Dalam pembayaran pokok dan bunga utang, Pemerintah sangat berhati-hati dan terukur agar kemampuan bayar dan kesinambungan fiskal tetap terjaga. “Berikut datanya. Transparan tiada yang perlu ditutupi, sudah diaudit BPK,” imbuhnya.

Melalui gambar yang diunggah Yustinus, terlihat bahwa paling tinggi utang yang pernah dibayarkan Pemerintah sebesar Rp 902,37 triliun yakni pada tahun 2021. Adapun tahun-tahun sebelumnya berada di bawahnya, berkisar dari Rp 566,78 triliun pada tahun 2017 dan sebesar Rp 837,91 triliun pada tahun 2019.

Fakta kedua, rasio utang terhadap Produk Domestik Bruto (PDB) per April 2023 turun menjadi 39,17 persen dari 39,57 persen pada Desember 2022. Kebijakan countercyclical penanganan C-19 dan pemulihan ekonomi membuat rasio utang meningkat, pada 2020 sebesar 39,4 persen terhadap PDB dan 2021 meningkat 40,7 persen terhadap PDB.

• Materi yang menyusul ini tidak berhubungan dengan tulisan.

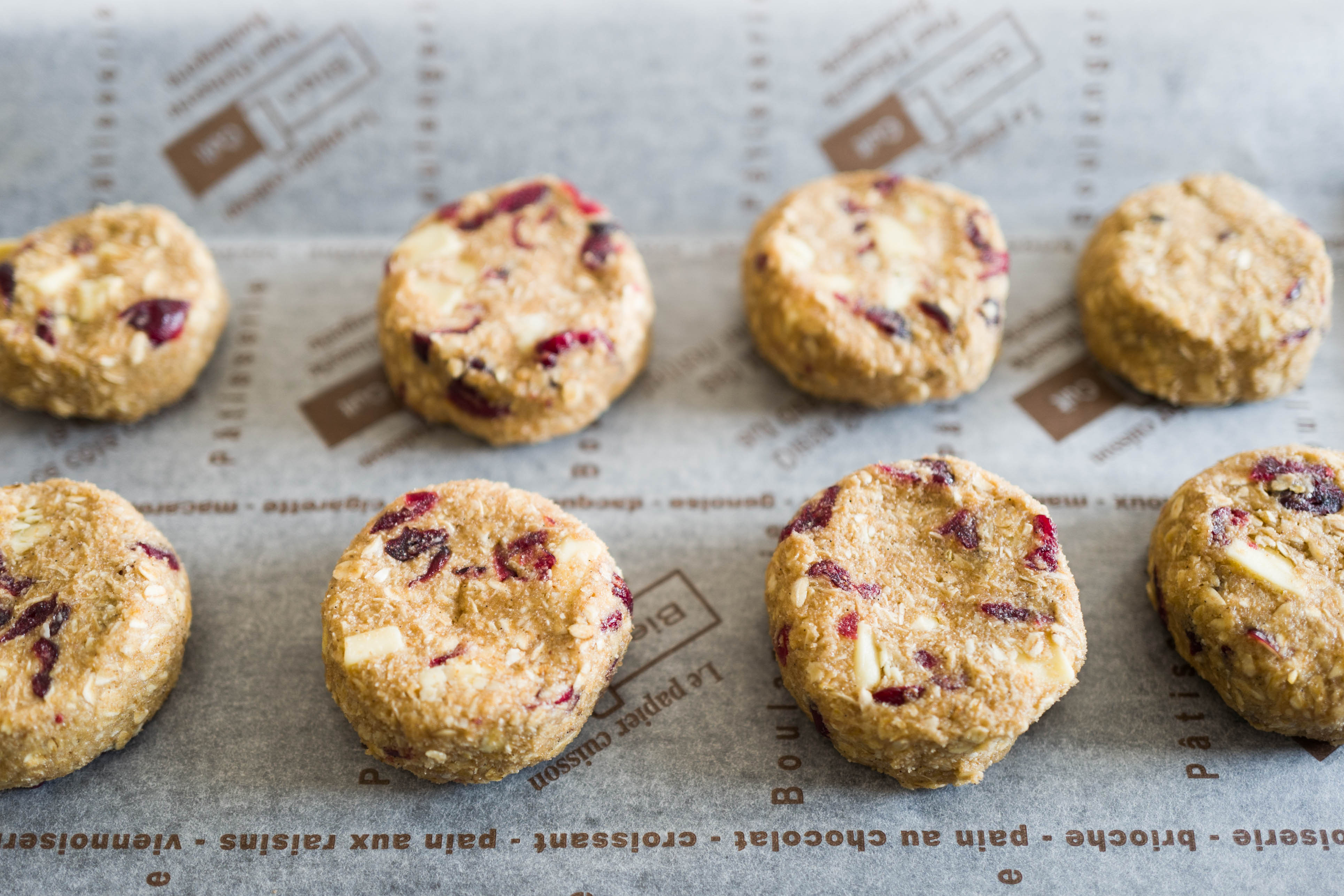 Kさんと焼いたクッキーは、レーズンとクランベリー、くだいたピーカンナッツを生地に混ぜて、手のひらに置くとちょうどいい大きさで、中はしっとりやわらかな、まさにホームメイドなクッキーだった。30枚くらいは焼いただろうか。

“Kemampuan recovery yang baik membuat ekonomi Indonesia mampu bangkit, sekaligus menurunkan debt ratio. Pada 2021, rasio utang Indonesia sebesar 40,7 persen jauh di bawah rerata emerging market. China bahkan menyentuh 71,5 persen,” jelasnya.

Fakta ketiga bahwa Pemerintah Indonesia patuh pada fiscal rule dengan konsekuesinya kenaikan PDB Indonesia lebih besar daripada utang. Hal itu terjadi di saat mayoritas negara ASEAN dan G20 mengalami kenaikan utang yang lebih tinggi daripada PDB.

Selanjutnya, fakta keempat, yaitu efek pengganda yang besar. Di mana dalam kurun waktu 2018-2022, saat dunia krisis karena pandemi, utang Pemerintah mampu menghasilkan multiplier effect bagi perekonomian sebesar 1,34.

Menurutnya, capaian ini lebih baik dibandingkan banyak negara, termasuk AS, Tiongkok, dan Malaysia. Lalu, fakta kelima bahwa sebagian besar utang Indonesia dalam mata uang Rupiah yang berasal dari SBN domestik sebesar 73 persen. “Tentu hal ini baik untuk menekan market risk dari melambungnya nilai utang karena pelemahan rupiah,” imbuhnya.

Fakta keenam, risiko utang Indonesia menurun tajam. Hal ini ditandai dengan debt service ratio/DSR dari 2020 sebesar 47,3 persen menjadi 34,4 persen pada tahun 2022 dan menurun lagi per April 2023 menjadi 28,4 persen. Untuk diketahui, DSR adalah rasio pembayaran pokok dan bunga utang dengan pendapatan.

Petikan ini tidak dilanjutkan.